I snagged some free wood on Craigslist to turn into cutting boards for the family but didn't think about the possibility it was treated. It has a slightly green tint and streaking through it and the stamps say "SPIB Premium RED KD19 HT"

Any suggestions on how to ID this?

Thanks for any tips!


----------



## Karda (Nov 19, 2016)

it looks treated, cut a piece and if it has a similar tint inside, it is probably treated. Thats my opinion, better safe than sorry


----------



## pottz (Sep 15, 2015)

i would not use that for cutting boards,looks to be a soft wood and you want a hardwood like maple or cherry.


----------



## MadMark (Jun 3, 2014)

Green tinted wood contains CCA - the A is as in Arsenic. Arsenic doesn't flush out of the body and when the cumulative dose is high enough, you die.

The sawdust from cutting CCA should be treated as HAZMAT and not allowed to reenter the environment.


----------



## therealSteveN (Oct 29, 2016)

> Arsenic doesn t flush out of the body and when the cumulative dose is high enough, you die.
> 
> - Madmark2


However if it was Iocanine Powder, Wesley showed you can build a tolerance.

Have you ever heard of Plato, Aristotle, Socrates?

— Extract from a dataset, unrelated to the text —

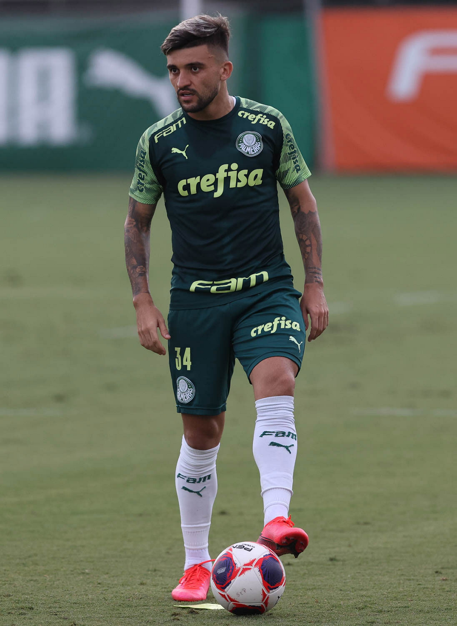 O jogador Gustavo Scarpa, da SE Palmeiras, durante treinamento, na Academia de Futebol. (Foto: Cesar Greco)

Now, do they use Iocaine in treated wood????? Ahhhh probably knot, but any day you get to see even part of The Princess Bride, is a good day. 

I'm with pottz.


----------



## Branceatx (Sep 12, 2020)

Thanks y'all!! Appreciate the input. Better safe than sorry for kitchen things I suppose. Doing otherwise would be INCONCEIVABLE!


----------



## ibewjon (Oct 2, 2010)

Old treated is CCA. New is different, but still not safe for cutting boards or food contact. I wouldn't even use it for the top of a picnic table.


----------



## torus (Apr 8, 2017)

quick google told me:

SPIB - Southern Pine Inspection Bureau grade mark
R.E.D. - Radius Edge Decking
KD19 - kiln dry to 19%
HT - heat treated to kill pests


----------